Given records
====

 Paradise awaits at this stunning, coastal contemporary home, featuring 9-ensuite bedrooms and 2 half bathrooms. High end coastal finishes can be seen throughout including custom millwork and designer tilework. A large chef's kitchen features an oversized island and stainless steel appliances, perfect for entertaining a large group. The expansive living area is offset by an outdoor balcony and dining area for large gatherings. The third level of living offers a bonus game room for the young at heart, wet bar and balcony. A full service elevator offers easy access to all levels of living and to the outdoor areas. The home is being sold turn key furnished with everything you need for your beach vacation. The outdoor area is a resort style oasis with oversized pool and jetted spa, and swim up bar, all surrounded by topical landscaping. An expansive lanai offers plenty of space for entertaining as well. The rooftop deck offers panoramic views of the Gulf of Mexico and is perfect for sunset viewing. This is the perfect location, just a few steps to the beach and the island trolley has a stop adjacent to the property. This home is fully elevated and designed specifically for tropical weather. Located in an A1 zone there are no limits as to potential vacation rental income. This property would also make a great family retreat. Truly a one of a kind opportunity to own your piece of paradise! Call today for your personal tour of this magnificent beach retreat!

====

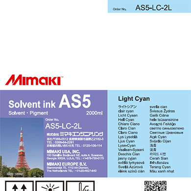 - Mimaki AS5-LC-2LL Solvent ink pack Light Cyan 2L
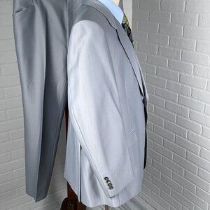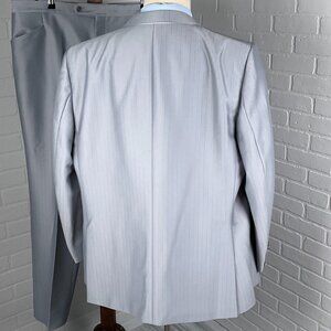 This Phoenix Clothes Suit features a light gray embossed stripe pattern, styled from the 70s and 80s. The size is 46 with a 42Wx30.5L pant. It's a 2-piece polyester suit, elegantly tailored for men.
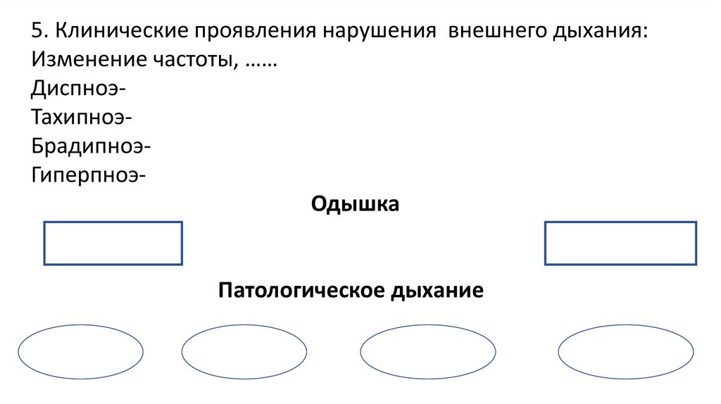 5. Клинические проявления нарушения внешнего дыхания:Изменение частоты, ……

====

Activity
Only the lines above starting with the line with "This Phoenix Clothes" and going on through the line with "5. Клинические проявления" belong in the answer; repeat them exactly, minus any picture.

Final answer
 This Phoenix Clothes Suit features a light gray embossed stripe pattern, styled from the 70s and 80s. The size is 46 with a 42Wx30.5L pant. It's a 2-piece polyester suit, elegantly tailored for men.
 5. Клинические проявления нарушения внешнего дыхания:Изменение частоты, ……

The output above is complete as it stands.